But now it's kind of growing on me.
Russell is a young man from the same city from where Cullen and Gabriel were and also a bully. If you have that, this beautiful little literary gem will undoubtedly find its place among your favorites.
Alma Ember arrives on the scene as a romantic prospect for Cullen—even though she seems a bit too mature for him.
Romantic love is fleeting. Ada Taylor is the girl Cullen falls in love with at the beginning of the novel.
The silliness is compounded when they are constantly referred to by their full names, Dawson's Creek-style. I will overlook the fact that 3,900 people are somehow able to support multiple fast food chains and a Wal-Mart the economics don't make sense to me, but I can't say for sure that this is so in the south.
Take it all in and deal as best we can. View all 11 comments. I understand that you write what you know.
Being a passive recipient is not, to me, worthy of a book. But that is only possible if Cullen's final scene is in fact a fantasy, which of course changes the entire book.
He becomes involved with two women in his attempt to prove that he is a real man but his sexual escapades prove to be unsatisfied. I went for a run.
Even when it made me laugh in the first two chapters, I resented it. If we're operating under the assumption that the last scene of the book is reality, and Cabot allows Gabriel to return home, does Cabot just give up his obsession like that, believing Gabriel to be the angel reincarnated, and after he ruined his life to pursue the 'mystery' he thought Benton left behind?
The main character Cullen had a lot of opinions and philosophical musings which I enjoyed.
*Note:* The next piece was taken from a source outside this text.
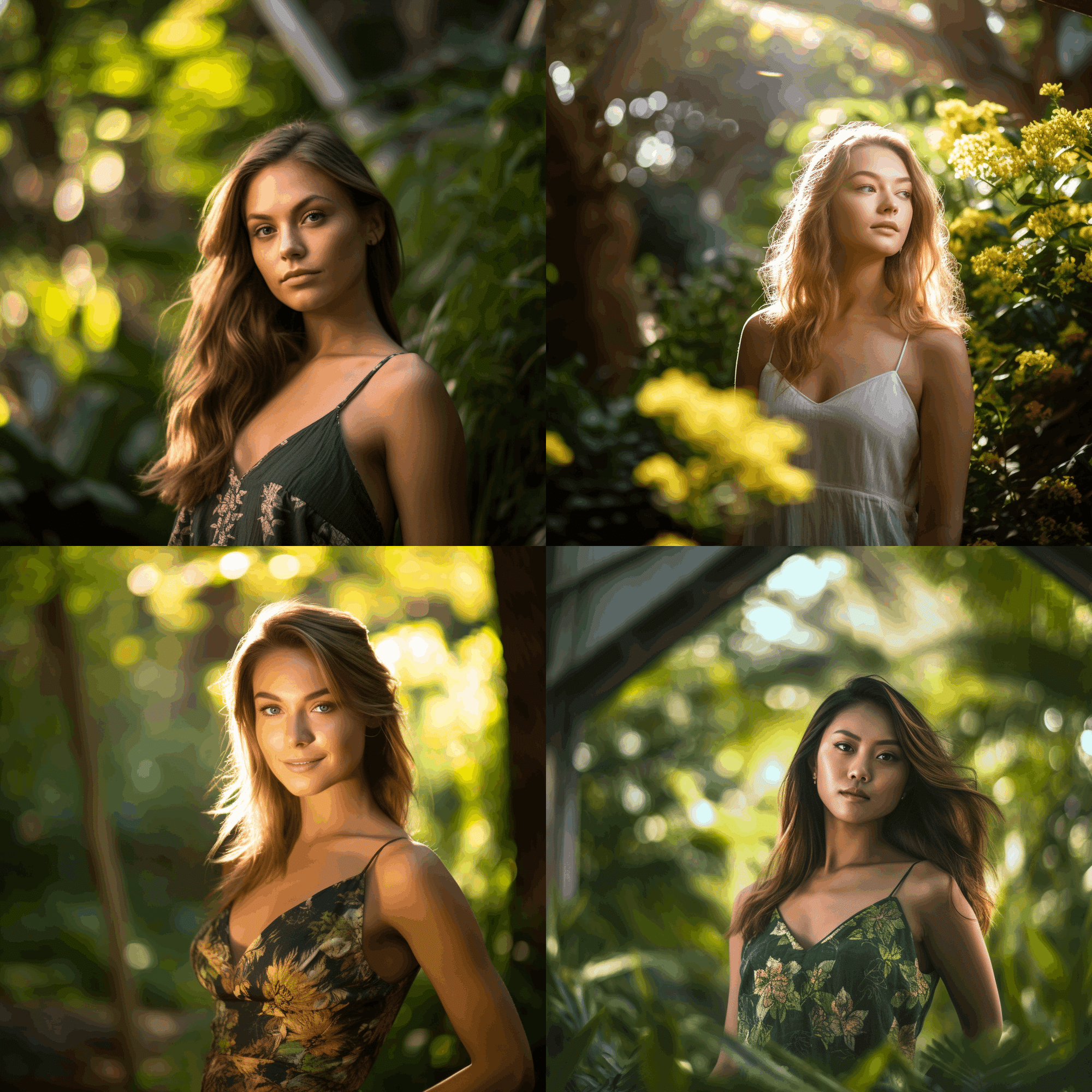 木々がそびえ立つ静かな森で、柔らかな光の中、アンビエントディフューズドライトで影を和らげながら撮影。自然体でゆったりと座り、心地よさを感じさせるポーズで、不思議な感覚を呼び起こす夢心地の気分を力強く伝え、現代のファッションを表現した上品なシックの服装で、魅惑的な女性の屋外ポートレートを撮影しています。

In the spirit of sharing the love, you yes you! You've been inactive for a while, logging you out in a few seconds... It follows Cullen and his friends and relatives and shows how they deal with the disappearance of Gabriel.
When Alma decides to return home, Cabot decides to follow her and even kidnaps Gabriel, thinking that he is the one with whom his wife sleeps with. Community Reviews. Third time reading this book Books, in my opinion, try to describe or explain a certain story at its best and try to connect a reader with the story and the characters the best way the author can.
Author Interview: A lot of those feelings I had, and the ones I think a lot of teenagers have about their hometowns or neighborhoods, are, in a way, self-imposed. Complex but truly extraordinary, tinged with melancholy and regret, comedy and absurdity, this novel finds wonder in the ordinary and emerges as ultimately hopeful.